To find the maximum value of the electromotive force (emf) induced in the second coil due to the changing current in the first coil, we can use the concept of mutual inductance. Let's break down the problem step by step.
Understanding Mutual Inductance
Mutual inductance occurs when a change in current in one coil induces an emf in another nearby coil. The relationship between the changing current and the induced emf can be described by the formula:
emf = -M (dI/dt)
Where:
- emf is the induced electromotive force in the second coil.
- M is the mutual inductance between the two coils (in henries).

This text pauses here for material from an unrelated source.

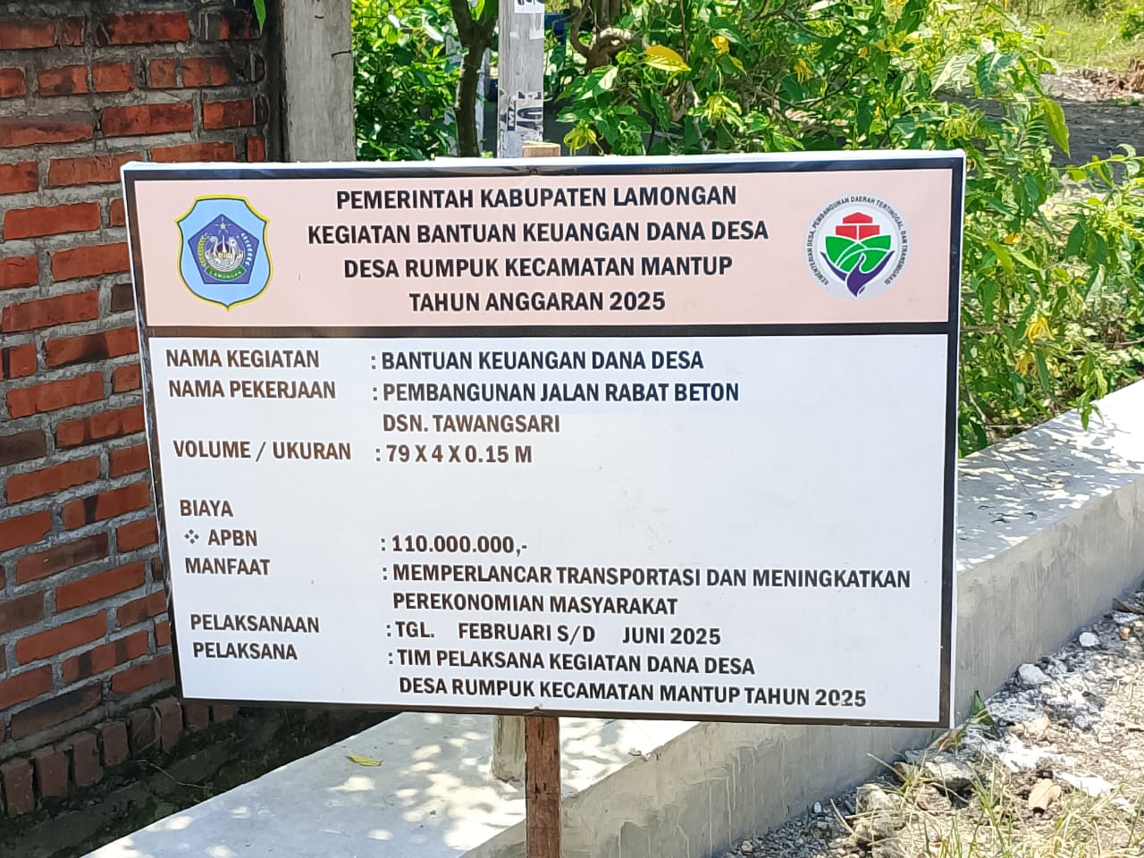 Proyek jalan rabat beton Desa Rumpuk, Kecamatan Mantup, Kabupaten Lamongan, Tahun Anggaran 2025, senilai Rp110 juta kini disorot. Jalan sepanjang 79 meter dengan lebar 4 meter dan tebal 15 sentimeter itu baru selesai dikerjakan, namun sudah retak dan pecah memanjang. Kondisi ini memperlihatkan indikasi kuat pekerjaan dilakukan asal jadi tanpa tahapan konstruksi yang benar.

- dI/dt is the rate of change of current in the first coil.
Given Values
From the problem, we have:
- Mutual inductance, M = 0.005 H
- Current in the first coil, I = X sin(wt), where X = 10 A and w = 100π rad/s.
Finding dI/dt
To find the rate of change of current, we first need to differentiate the current function with respect to time:
I(t) = 10 sin(100πt)
Now, let's differentiate:
dI/dt = 10 * 100π cos(100πt)
This simplifies to:
dI/dt = 1000π cos(100πt)
Calculating the Maximum Value of emf
The maximum value of the cosine function is 1. Therefore, the maximum rate of change of current, (dI/dt)_{max}, is:
(dI/dt)_{max} = 1000π
Now, we can substitute this value into the emf formula:
emf = -M (dI/dt)
Substituting the values we have:
emf = -0.005 H * 1000π
This results in:
emf = -5π V
Final Answer
The negative sign indicates the direction of the induced emf according to Lenz's law, but since we are interested in the magnitude, the maximum value of the induced emf in the second coil is:
5π V
Thus, the maximum value of emf in the second coil is indeed 5π volts. This process illustrates how mutual inductance allows us to calculate induced voltages based on changing currents in nearby coils.